Use these discussion questions to guide your next meeting.


The Cardiff Giant, set in Cooperstown, New York, has up its novelistic sleeve Puck's profound declaration, "Lord, what fools these mortals be!" Jack Thrasher, investigative reporter, arrives on the scene to look into the weird disappearance from the Farmers' Museum of a huge human figure. He had been unearthed in the late nineteenth century near Cardiff, New York. Jack confronts locals and outsiders who all have a theory, including that the giant has been reanimated and is lurching throughout the community. They are enmeshed in self-punishing belief systems such as alien abduction, astrology, kabbalistic numerology, New Age rebirthing, and religious dogmas reduced to literal absurdities. The fast-paced action centers around episodes where they pay a sorry price for their beliefs. But skeptics don't fare much better, susceptible as they are to mental disorders that show the faculty of reason is fragile indeed. These characters group and regroup, with romance always on their minds, and finally come to recognitions at once surprising and moving.

This Indie Author Corner and discussion guide was shared and sponsored in partnership with Dartfrog Books. 


"The Cardiff Giant" treats human gullibility in a light-hearted and satirical way but still attempts to position it as a serious ethical question confronting all of us.
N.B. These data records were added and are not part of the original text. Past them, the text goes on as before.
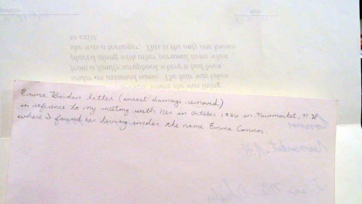 From this letter we are to believe that after a lifetime of remaining loyal to her sister Lizzie and even moving to Newmarket, NH, and changing the name on her mailbox to Connor, that Emma Borden would sell off some of her personal items, those relating to Lizzie, to a collector who contacts her.
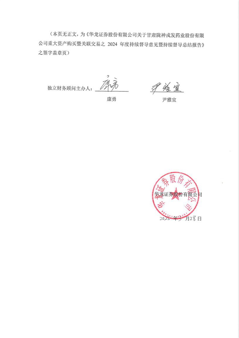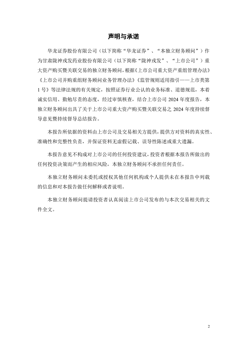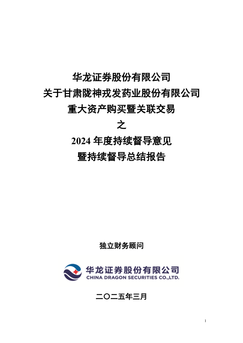 華龍證券股份有限公司關(guān)于甘肅隴神戎發(fā)藥業(yè)股份有限公司重大資產(chǎn)購買暨關(guān)聯(lián)交易之2024年度持續(xù)督導(dǎo)意見暨持續(xù)督導(dǎo)總結(jié)報告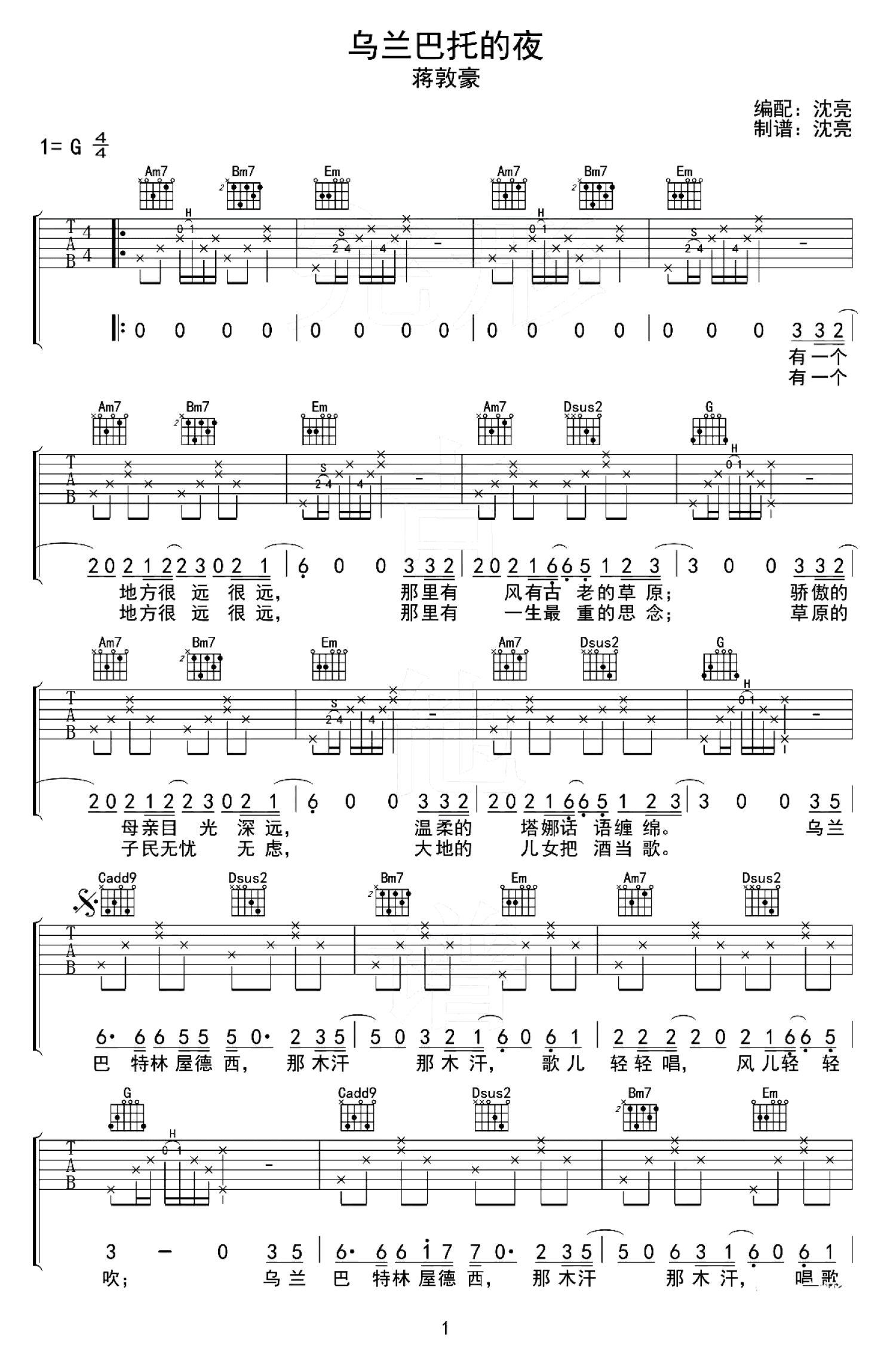乌兰巴托的夜吉他谱 - 蒋敦豪 - G调吉他弹唱谱
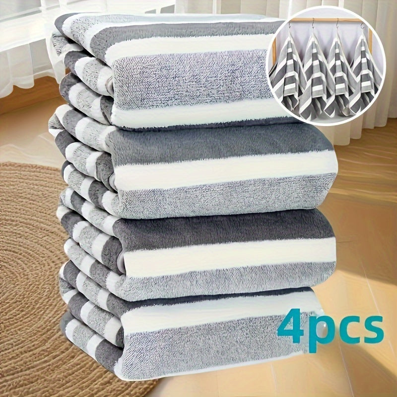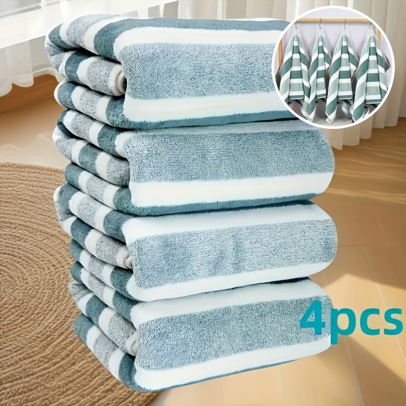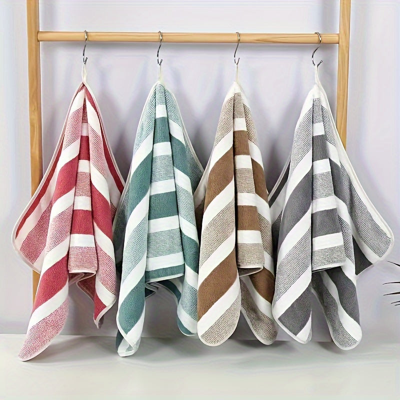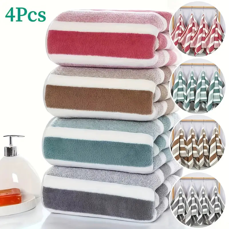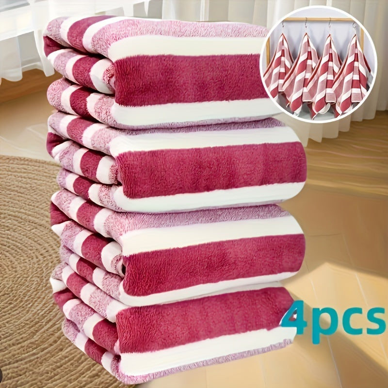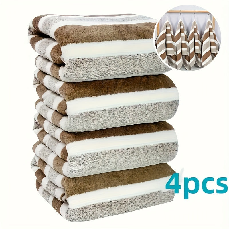 LDQ 4 Ultra-Soft Coral Fleece Tovallar - Tez quriydigan, chiziqli qo'l va yuz tovalari, 34.8x74.93 sm

Do you yourself subscribe to any belief systems that are dubious or worth examining more closely? If so, what appeals about them?

The pivotal character turns out to be less the narrator Jack Thrasher than Thor Ohnstad. How does the author gradually build the character of Ohnstad? What do you make of his great confession near the end at Hyde Hall?

Skepticism or objective reasoning might seem to be the remedy for dubious and self-punishing belief systems, but how does skepticism fare in "The Cardiff Giant"? What does the novel imply about the faculty of reason's power alone to maintain sanity?